The presence of weapons in the Soviet Union to control outer space shocked the enemy. Reagan called the Soviet Union an evil empire and was ready to mix it with the earth. In March 1983, the President of the United States launched the Strategic Defense Initiative, colloquially known as Star Wars, which will seek to provide complete protection for the United States from Soviet ballistic missiles. The project is not implemented.

The nuclear shield of modern Russia

Today, Russia's nuclear triad guarantees the destruction of a potential aggressor under any circumstances.
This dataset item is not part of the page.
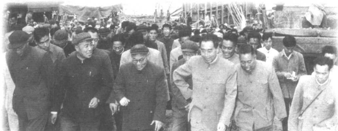
1959年10月，周恩来总理在黄河三门峡大坝工地视察。

走，抓住吊环，站在车当中。汽车开动后，拥挤中的乘客一时半会儿还没缓过神来。过了两三分钟，乘客们突然听到有人大喊：“哎呀！这不是周总理吗？”原来，这时站在周恩来对面的一个乘客发现了她。“总理？总理？！”车厢里立时沸腾起来了，许多人站起来给周恩来让座，不少人往他身边挤，有的把手伸过来。看到这种情景，随行的秘书和卫士心里很紧张，生怕人们不注意挤倒周恩来。这时，周恩来向大家挥动手臂，劝说乘客们：“请坐！请坐！别挤！别挤！不要动。”乘客们执意让周恩来坐下来，但周恩来坚决不肯。这时，一个乘客挤到他身边，握住他的手，激动地说：“总理，你那么

The country is capable of delivering a massive retaliatory nuclear strike even in the event of the death of the country's top leadership.

The automatic system of nuclear perimeter control, called by Western strategists the "Dead Hand", developed in the early 1970s by the creators of the nuclear shield, is still on combat duty in Russia.

The system evaluates seismic activity, radiation level, pressure and air temperature, monitors the use of military radio frequencies and communication intensity, as well as sensors for early detection of missiles.

Based on the results of the data analysis, the system can independently decide on a retaliatory nuclear attack if the combat mode is not activated within a certain time.

Monument to scientists and design engineers

Monument to the creators

In 2007, the creator of the Russian nuclear shield in Sergiev Posad was erected a monument to the sculptor S. Isakov. A person unfamiliar with the history of the city and Orthodox culture can be bewildering: St. Nicholas the Miracle Worker, holding the church in one hand, in the other - the sword. The monument was erected at the former Gethsemane monastery of the Trinity-Sergius Lavra, where the Center for Nuclear Research of the Ministry of Defense of the Russian Federation is currently located and symbolizes the unity of spirit and military valor of the defenders of the Fatherland.